Dense Connection Network With Depthwise Separable Convolution(Large model for rotating machine fault diagnosis)
Most of the existing intelligent fault diagnosis models are suitable for only a type of rotating machine or equipment. To achieve the intelligent fault diagnosis for various rotating machines, it is significant for constructing a diagnostic model with a powerful generalization ability. Thereupon, this work addresses to explore a large fault diagnosis model for a variety of rotary machines. To process the big data from a number of rotating machines and mine their fault characteristics effectively, a dense connection network with depthwise separable convolution (DCNDSC) is proposed as the large model. In this network, a dense connection with depthwise separable convolution block (DCDSCB) is designed for representing the complex vibration data and suppressing the over-fitting, and then a series of DCDSCBs are stacked, so that DCNDSC can well extract various complicated characteristics caused by different faults and working conditions. A large rotating machine dataset including almost all public rotating machine data and our private data are built to train the large model. For enhancing the diagnostic ability of large model on the new monitoring data, a diminutive network fine-tuning strategy is proposed, while the main feature extraction capability of the pre-trained DCNDSC is preserved.
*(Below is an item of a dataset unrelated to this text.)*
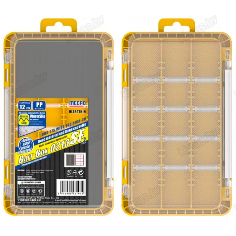 Коробка двухсторонняя Mebao 0223SF3 от компании Mebao – тонкая коробка. Отлично подойдет под хранение различных ультралайтовых приманок или миниатюрных джиг-головок. Отлично сочетается с форелевыми ящиками и без проблем помещается в верхней отсек под крышкой. Коробка сделана из прочного надежного пластика, пригодного для хранения силиконовых приманок. Крышка коробки выполнена из полупрозрачного пластика, что помогает сразу определить содержимое.

Ten fault datasets are applied to verify the high accuracy and strong generalization ability of the developed large model. This model is not only effectively applied to the fault diagnosis of actual rotating machinery, but also firstly provides a pre-training large model for the field of mechanical fault diagnosis.
For the detail,please see: Yi Qin, Taisheng Zhang, Quan Qian, Yongfang Mao. Large model for rotating machine fault diagnosis based on a dense connection network with depthwise separable convolution, IEEE Transactions on Instrumentation and Measurement, 2024.